The UAE economy is gradually recovering from the 2009
crisis. The banking sector was strengthened through significant capital
injections, and some progress has been made in restructuring the debt of
government-related entities (GRE). The ailing real estate sector is beginning
to find bottom but, given the ongoing oversupply, an early and broad-based
recovery of the sector remains unlikely.
Outlook and risks. The recovery of the nonhydrocarbon
economy, however, looks set to continue this year, backed by strong trade,
tourism, logistics, and manufacturing, and helped by high oil prices. With
limited near-term potential for further increases in real oil production, overall
GDP growth is expected to moderate to 2.3 percent. Downside risks relate to a
possible increase in regional geopolitical tensions, a potential decline in oil
prices, a renewed worsening of global financial conditions, or a marked
slowdown in Asia.
Macroeconomic policy mix. The UAE plans a gradual fiscal
consolidation this year which will help unwind the fiscal stimulus of recent
years and lower the currently high fiscal breakeven oil price without
undermining the economic recovery. The planned fiscal consolidation will also
increase the room for maneuver in case the downside risks materialize. Monetary
policy will stay appropriately accommodative under the U.S.dollar peg.
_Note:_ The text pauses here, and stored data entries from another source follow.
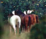 They have only five lumbar vertebrae. Most breeds of horse have six, Arabians have five and a half. The tails of Spanish horses are low set, and the Wild Horses of Abaco carry the same, low set tail. In addition, one of our mares carries her tail in a classic scorpion position when she runs. Unfortunately the video camera couldnt be brought into action in time to record this. We . . . saw a number of Paso Finos. They held their tails in an upward sickle shape, sort of like an Irish setter. The unusual tail carriage . . . is a highly desirable trait in Paso Finos. These quotes are from letters on page 43 of the Gaited Horse Magazine, winter 99, which featured a cover story on the Wild Horses of Abaco. |
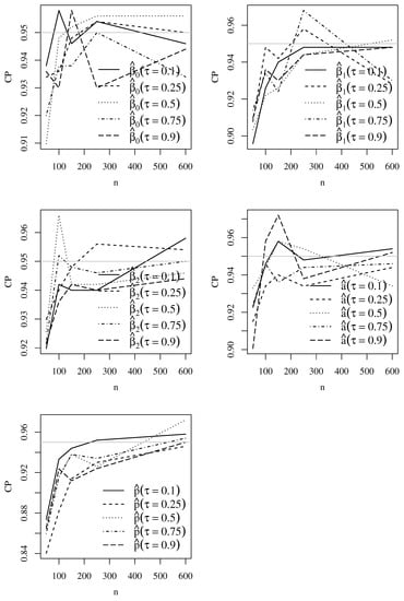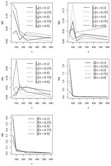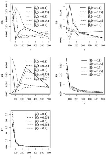 The Monte Carlo simulation experiments were performed using the R software; see www.r-project.org, accessed on 9 January 2023. The simulation scenario considers the following settings: sample sizes , 250, , regression coefficients , quantiles , for the Singh–Maddala model, and for the Dagum model, with 500 Monte Carlo replications for each sample size. Covariate values are obtained from a uniform distribution in the interval (0, 1). To study the ML estimators, we compute the relative bias (RB), root of the mean square error (RMSE), and coverage probability (CP). We expect that, as the sample size increases, the RB and RMSE reduce, and the CP approaches the 95% nominal level. The empirical RB, RMSE, and CP are computed from the Monte Carlo replications as
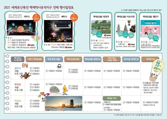 문화재청, 충청남도, 전라북도, 공주시, 부여군, 익산시가 주최하고 한국문화재재단(이사장 최영창), 백제세계유산센터, 충남문화재단, 익산문화관광재단이 공동 주관하는 「2021년 세계유산축전 백제역사유적지구 - ’찬란한 유산, AGAIN(어게인) 백제로!」가 13일부터 29일까지 17일간 행사를 진행한다.

Government-related entities. The GREs continue to face
financial challenges in light of their high debt and rollover needs. Further
deleveraging and strengthening of impaired GRE balance sheets is needed.
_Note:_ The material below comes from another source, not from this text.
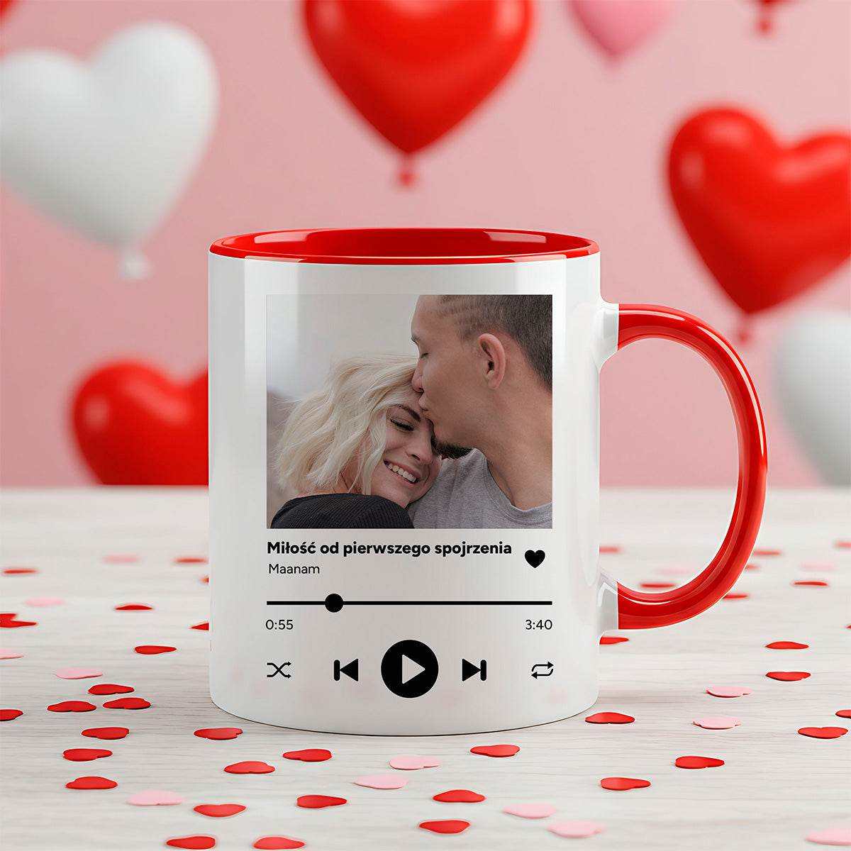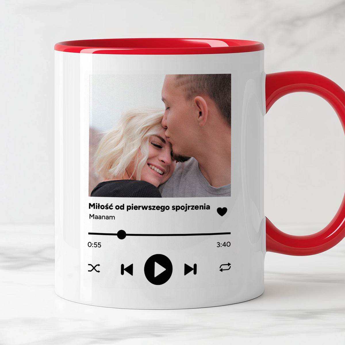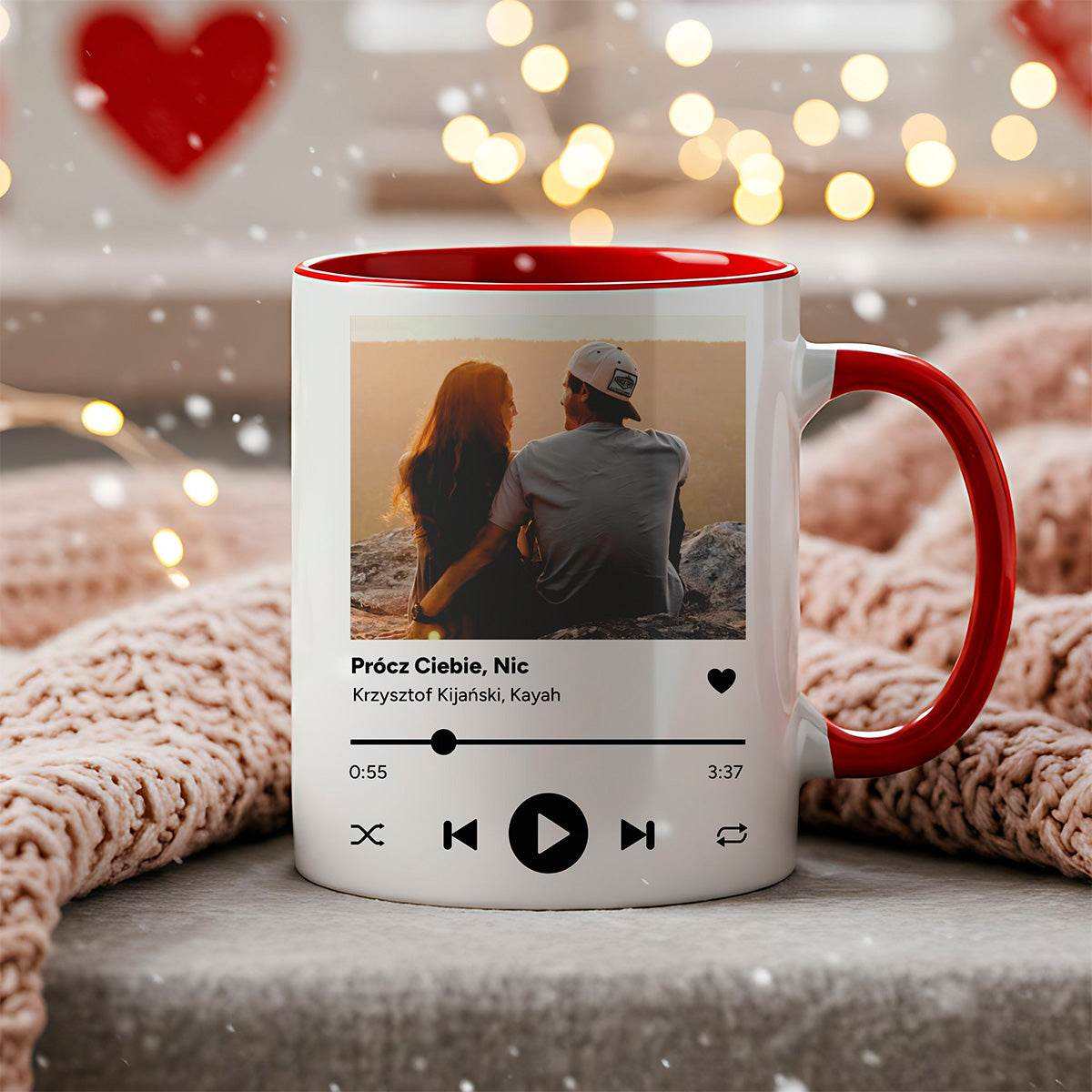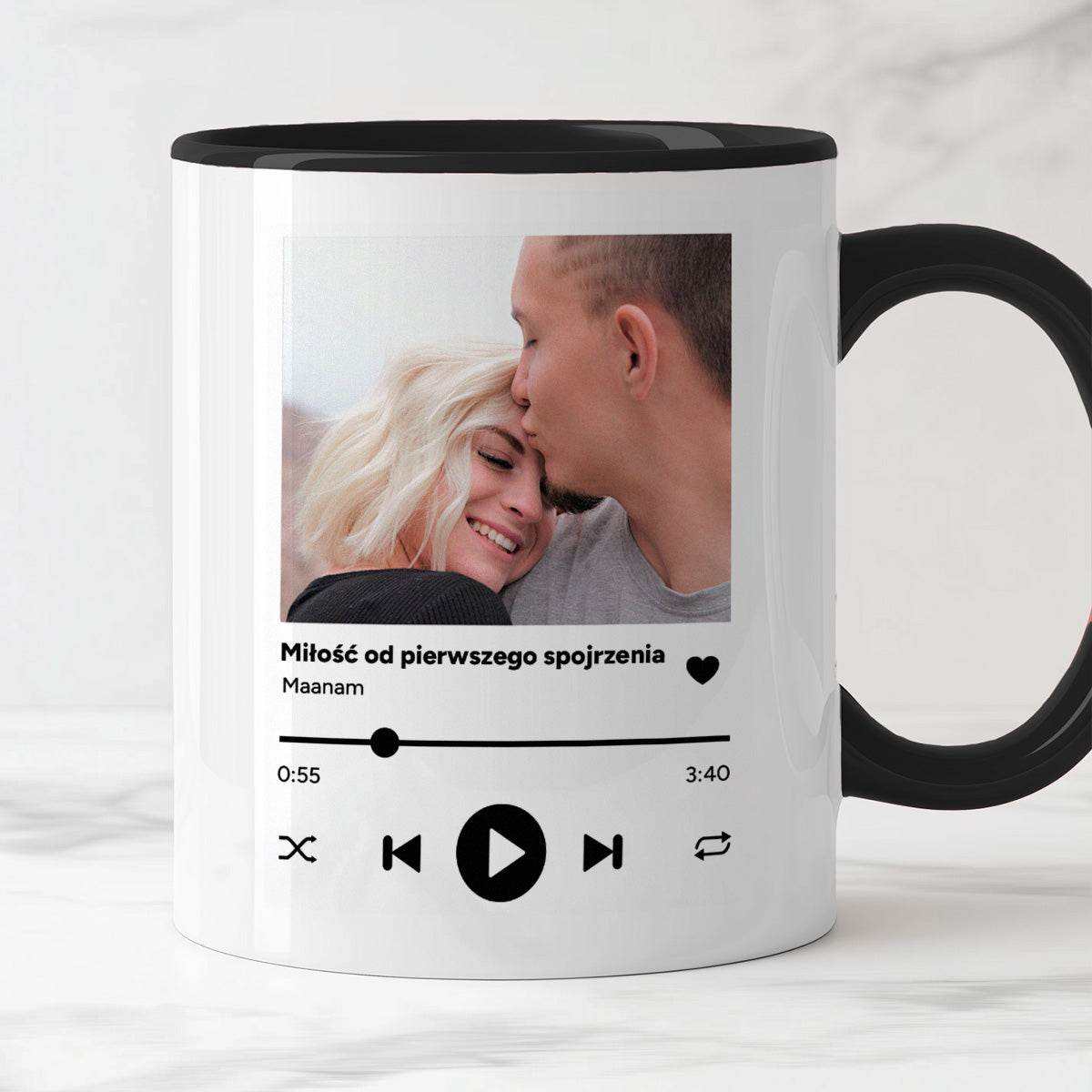 Kubek spersonalizowany z motywem ulubionego utworu ze zdjęciem - idealny sposób na wyrażenie swoich uczuć  i stworzenie jedynego w swoim rodzaju prezentu dla siebie lub bliskiej osoby. Z jeden strony kubka widoczny jest motyw odtwarzacza muzycznego z tytułem, wykonawcą i zdjęciem (wybranym przez Ciebie zdjęciem z ważnej chwili), a z drugiej strony widoczny jest kod QR przekierowujący do piosenki na Spotify.

Improving GRE corporate governance and increasing transparency about their
financing strategies, financial conditions, and debt profile would be important
to strengthen market confidence. Channeling bank funding to non-viable GREs
should be avoided.
Financial stability. The banking system maintains
significant buffers to withstand a further deterioration in asset quality and
external liquidity conditions. The central bank should nonetheless continue to
closely monitor banks’ liquidity and capital buffers as individual banks could
be affected if downside risks materialize.
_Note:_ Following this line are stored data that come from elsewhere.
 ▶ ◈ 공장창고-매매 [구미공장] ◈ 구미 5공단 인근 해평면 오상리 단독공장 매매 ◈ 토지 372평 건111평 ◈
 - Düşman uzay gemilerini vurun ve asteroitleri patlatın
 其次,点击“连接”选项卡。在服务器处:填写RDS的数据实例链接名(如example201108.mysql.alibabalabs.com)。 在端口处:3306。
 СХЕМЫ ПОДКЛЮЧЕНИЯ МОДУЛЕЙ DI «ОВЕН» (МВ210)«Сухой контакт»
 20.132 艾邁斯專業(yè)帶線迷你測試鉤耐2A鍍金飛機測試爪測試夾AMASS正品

Statistics. Effective policymaking is contingent on
timely and accurate data, rendering further improvements in the statistical
framework important
BACKGROUND
1. Following the 2009 crisis, the economy has been slowly
recovering and repairing its balance sheets. The Dubai World debt restructuring
was completed, but several other troubled government-related entities (GRE) are
still in the process of restructuring. The authorities strengthened the banking
sector through liquidity support, recapitalization, and deposit guarantees, and
the emirate of Abu Dhabi provided financial support to the emirate of Dubai.
The Dubai Financial Support Fund (DFSF) was called to support troubled entities
in the emirate and has now almost exhausted its funding of $20 billion.
2. The UAE has been reaping the benefits of its early
efforts to diversify the economy. As the UAE developed into a major services
hub in the Middle East, its dependency on oil exports declined markedly.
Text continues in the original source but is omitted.